2009/6/6 Torgny Tholerus <tor...@dsv.su.se>:
> Jesse Mazer skrev:
>> > Date: Sat, 6 Jun 2009 16:48:21 +0200
>> > From: tor...@dsv.su.se
>> > To: everything-list@googlegroups.com
>> > Subject: Re: The seven step-Mathematical preliminaries
>> >
>> > Jesse Mazer skrev:
>> >>
>> >> Here you're just contradicting yourself. If you say BIGGEST+1 "is then
>> >> a natural number", that just proves that the set N was not in fact the
>> >> set "of all natural numbers". The alternative would be to say
>> >> BIGGEST+1 is *not* a natural number, but then you need to provide a
>> >> definition of "natural number" that would explain why this is the case.
>> >
>> > It depends upon how you define "natural number". If you define it by: n
>> > is a natural number if and only if n belongs to N, the set of all
>> > natural numbers, then of course BIGGEST+1 is *not* a natural number.
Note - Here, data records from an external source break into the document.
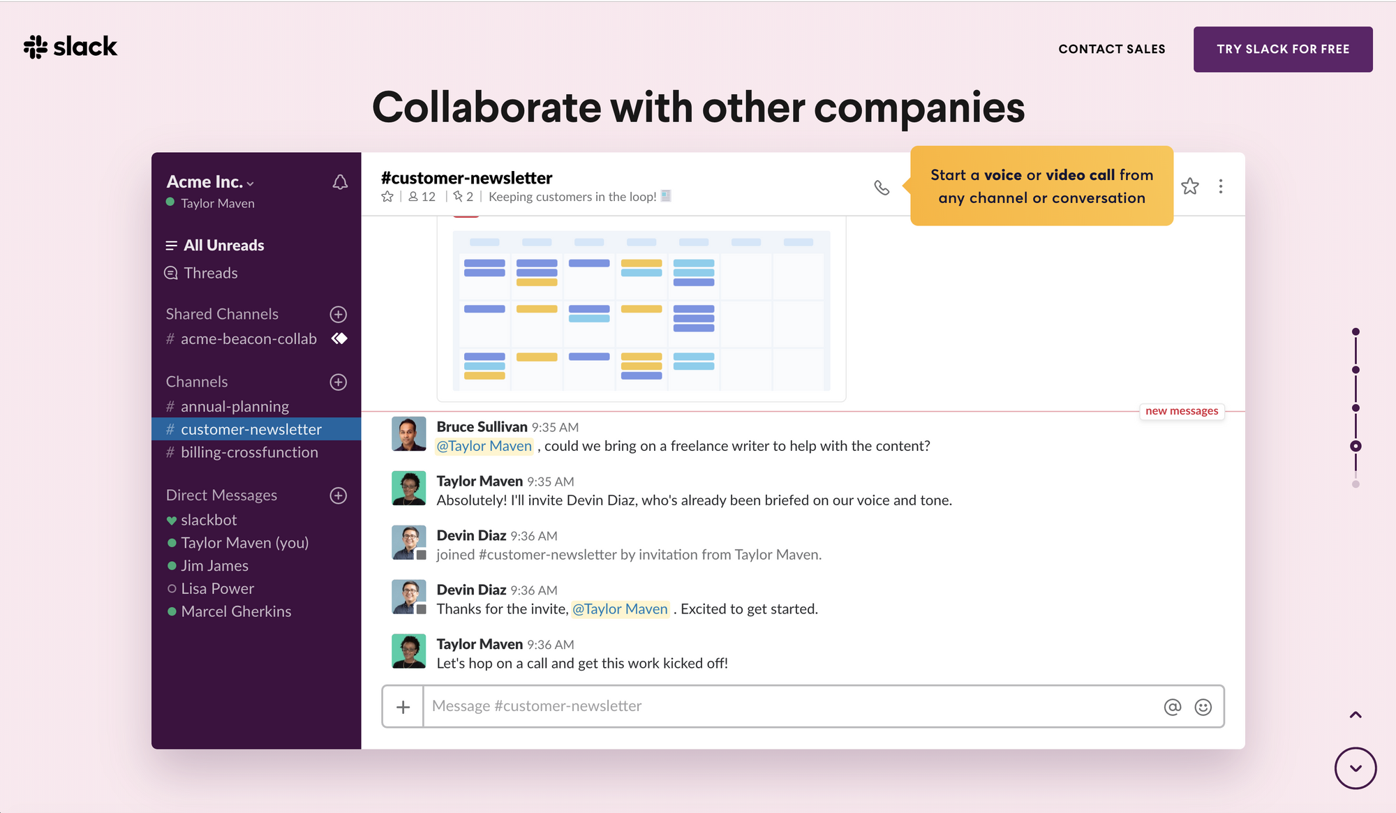Push: Use Slack as a central platform for all external communication, including voice and video calls.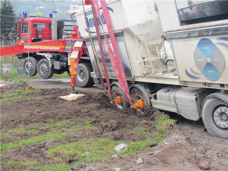 Das Fahrzeug ist bei einer Baustellenzufahrt in einer Kurve mit den Hinterrädern in das, durch die heftigen Regenfälle der letzten Tage aufgeweichte Erdreich geraten und dabei eingesunken. Das für die Herstellung von Industrieböden verwendete Fahrzeug befand sich in einer Schräglage und drohte umzustürzen.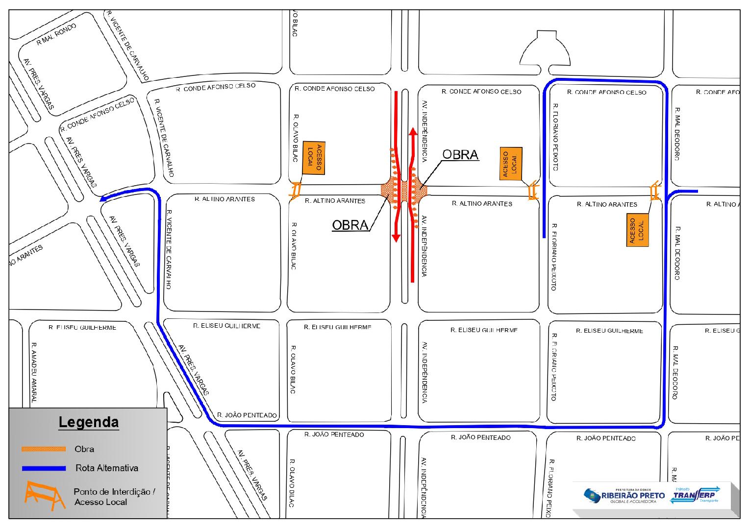 Desta forma, os condutores que vêm da região do Boulevard pela rua Altino Arantes em direção à avenida Presidente Vargas deverão desviar à esquerda na rua Marechal Deodoro, à direita na rua João Penteado, à direita na avenida Presidente Vargas, à direita na rua Vicente de Carvalho até acessar novamente a avenida Presidente Vargas.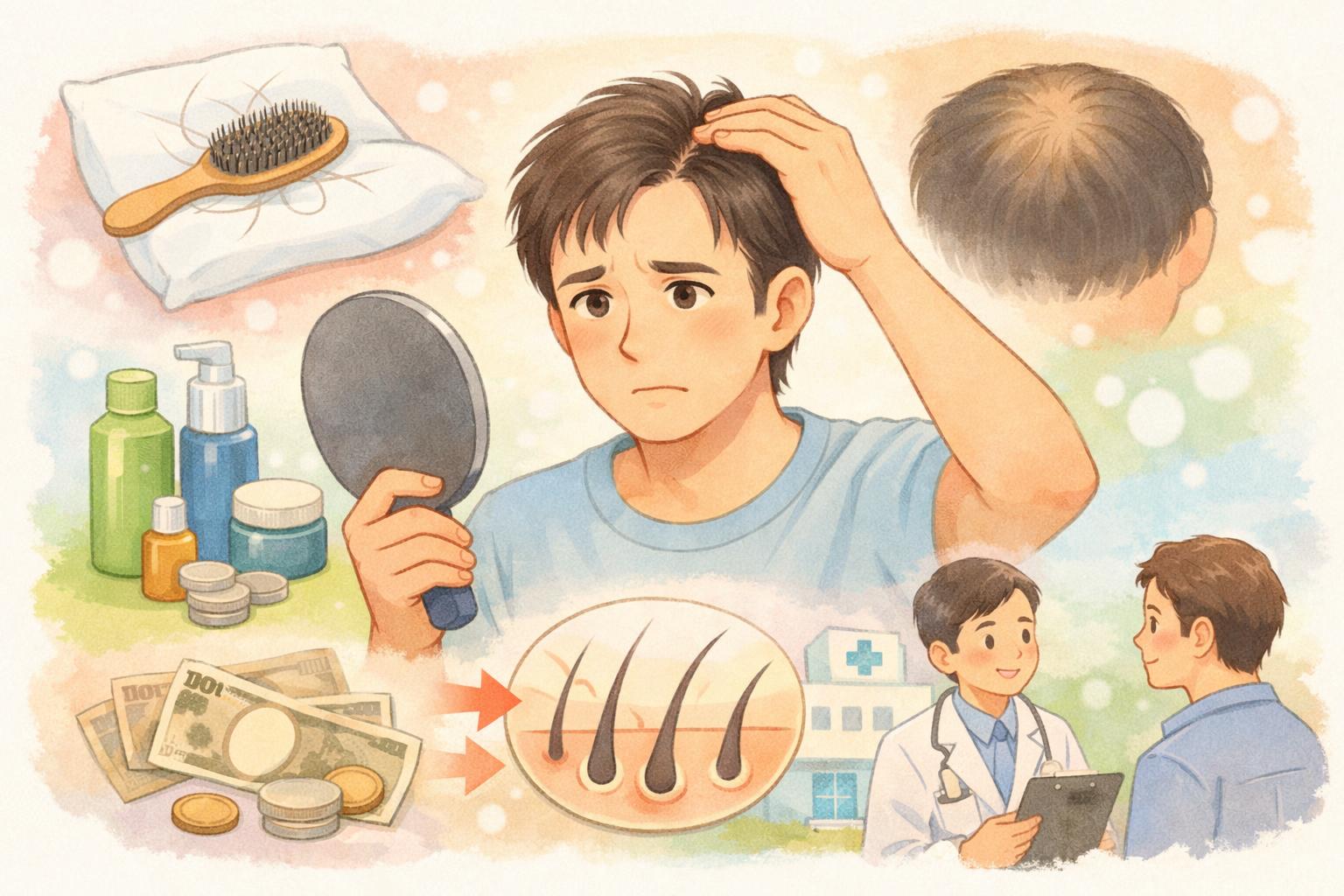 鏡を見るたびに気になる生え際や頭頂部、枕に増えた抜け毛など、薄毛の悩みは深刻ですよね。対策を始めたいと思っても、育毛剤やクリニックなど選択肢が多く、どれが自分に合っていて、いくらかかるのか分からず一歩踏み出せない方も多いのではないでしょうか。この記事では、薄毛の主な原因から、月々5千円以内で始められるセルフケア、市販の育毛剤・発毛剤、AGAクリニックでの専門治療まで、費用別に具体的な対策を網羅的に解説します。それぞれの効果と料金を比較することで、あなたの予算と目的に合った最適... -

In
>> > that case you have to call BIGGEST+1 something else, maybe "unnatural
>> > number".
>> OK, but then you need to define what you mean by "N, the set of all
>> natural numbers". Specifically you need to say what number is
>> "BIGGEST". Is it arbitrary? Can I set BIGGEST = 3, for example? Or do
>> you have some philosophical ideas related to what BIGGEST is, like the
>> number of particles in the universe or the largest number any human
>> can conceptualize?
> It is rather the last, the largest number any human can conceptualize.
> More natural numbers are not needed.

What is the last number human can invent ? Your theory can't explain
why addition works... If N is limited, then addition can and will (in
human lifetime) create "number" which are still finite and not in N.

N can be defined solelly as the successor function, you don't need
anything else. You just have to assert that the function is true

>> Also, any comment on my point about there being an infinite number of
>> possible propositions about even a finite set,
> There is not an infinite number of possible proposition.

Prove it please.

> You can only
> create a finite number of proposition with finite length during your
> lifetime.

What is a lifetime . What is truth ? Either you ****CAN*** define a
limit or you ***CAN'T***.

> Just like the number of natural numbers are unlimited but
> finite, so are the possible propositions unlimited but finte.

****EVERY*** ***MEMBER*** of the set ***N*** is

>> or about my question about whether you have any philosophical/logical
>> argument for saying all sets must be finite,
> My philosophical argument is about the mening of the word "all".  To be
> able to use that word, you must associate it with a value set.  Mostly
> that set is "all objects in the universe", and if you stay inside the
> universe, there is no problems.  But as soon you go outside universe,
> you must be carefull with what substitutions you do.  If you have "all"
> quantified with all object inside the universe, you can not substitute
> it with an object outside the universe, because that object was not
> included in the original statement.
>> as opposed to it just being a sort of aesthetic preference on your
>> part? Do you think there is anything illogical or incoherent about
>> defining a set in terms of a rule that takes any input and decides
>> whether it's a member of the set or not, such that there may be no
>> upper limit on the number of possible inputs that the rule would
>> define as being members? (such as would be the case for the rule 'n is
>> a natural number if n=1 or if n is equal to some other natural number+1')
> In the last sentence you have an implicite "all":  The full sentence
> would be: For all n in the universe hold that n is a natural number if
> n=1 or if n is equal to some other natural number+1.  And you may now be
> able to understand, that if the number of objects in the universe is
> finite, then this sentence will just define a finite set.
> --
> Torgny Tholerus
> >

I will read the rest (and others) email later unfortunatelly.

All those moments will be lost in time, like tears in rain.